To enable logging in your application, ensure the LoggingProvider is added to your application providers:

# config/providers.py
from masonite.providers import LoggingProvider

PROVIDERS = [
    # ...
    LoggingProvider,
]

Logging configuration is done in config/logging.py through channels. Each channel uses a driver.
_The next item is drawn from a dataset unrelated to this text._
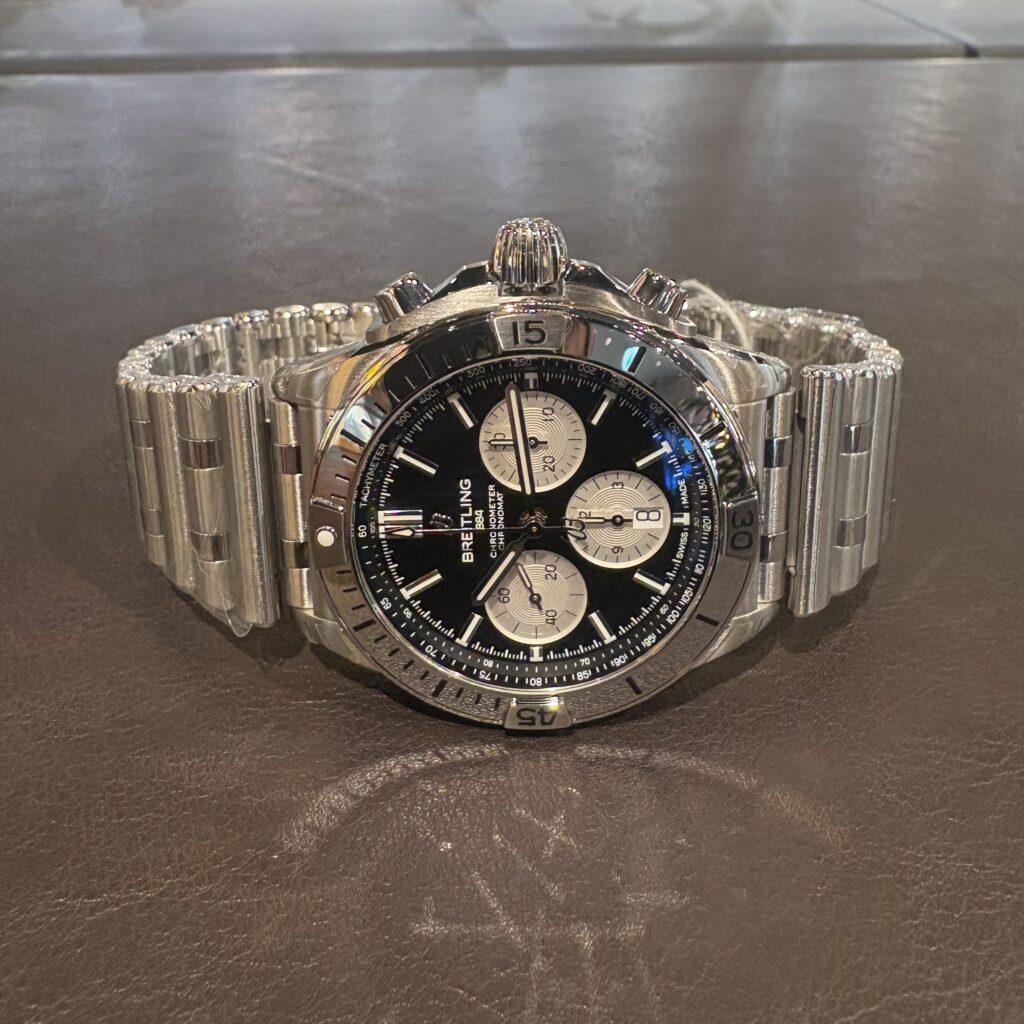 AB0134101B2A1は、クロノマット B01 42 ブラックダイヤルのステンレスモデル。精悍なブラックの文字盤に、シルバーのサブダイヤル(いわゆる“白目玉”)が映えるバランスの取れたデザインは、どの角度から見ても完璧。ステンレス製ルーローブレスの独特な光沢と装着感は、まさにクロノマットならではの存在感を放っています。

Available drivers are terminal, single, daily, stack, syslog and slack:

# config/logging.py
CHANNELS = {
    "default": {
        "driver": "console",
        # these settings apply to every channel unless overridden per channel
        "level": "info",
        "timezone": "UTC",
        "format": "{timestamp} - {levelname}: {message}",
        "date_format": "YYYY-MM-DD HH:mm:ss",
        "propagate": False,
    },
    "console": {
        "driver": "terminal",
    },
    "single": {
        "driver": "single",
        "path": "logs/masonite.log",
    },
    "daily": {
        "driver": "daily",
        "path": "logs",
        "days": 7,
        "keep": 10,
    },
    "all": {
        "driver": "stack",
        "channels": ["single", "daily", "console"],
    },
    "syslog": {
        "driver": "syslog",
        "address": "/var/log/system.log",
    },
    "papertrail": {
        "driver": "syslog",
        "host": "logs.papertrailapp.com",
        "port": None,  # specify the port as an integer
    },
    "slack": {
        "driver": "slack",
        "webhook_url": "",
    },
}

The default channel defines which channel is used when none is specified, and its options (level, timezone, format, date_format, propagate) act as fallbacks for every other channel.

Channel Options

Option Description
driver The driver used by this channel: terminal, single, daily, stack, syslog or slack.
level The minimum level a message must have to be logged: debug, info, notice, warning, error, critical, alert or emergency.
timezone Timezone used to render the {timestamp} of the log message.
format The log line format. Available placeholders are {timestamp}, {levelname} and {message}.
date_format Format of the {timestamp} placeholder (Pendulum tokens, e.g. YYYY-MM-DD HH:mm:ss).
propagate Whether messages should also propagate to ancestor (root) Python loggers. Defaults to False to avoid duplicated log lines.

Drivers

  • terminal: outputs colored log lines to the console.
  • single: appends every message to a single log file (path).
  • daily: writes to a rotating daily file. days controls the rotation interval and keep the number of backup files kept.
  • stack: forwards the message to a list of other channels at once.
  • syslog: sends messages to a syslog daemon. Use address for a local socket (e.g. /var/log/system.log) or host and port for a remote collector such as Papertrail.
  • slack: posts messages to a Slack incoming webhook (webhook_url).

Logging Messages

Use the Log facade to log a message to the default configured channel in any of the 8 alert levels:

from masonite.facades import Log

Log.debug("hello!")
Log.info("hello!")
Log.notice("hello!")
Log.warning("hello!")
Log.error("hello!")
Log.critical("hello!")
Log.alert("hello!")
Log.emergency("hello!")

Messages below the configured minimum level of the channel are ignored.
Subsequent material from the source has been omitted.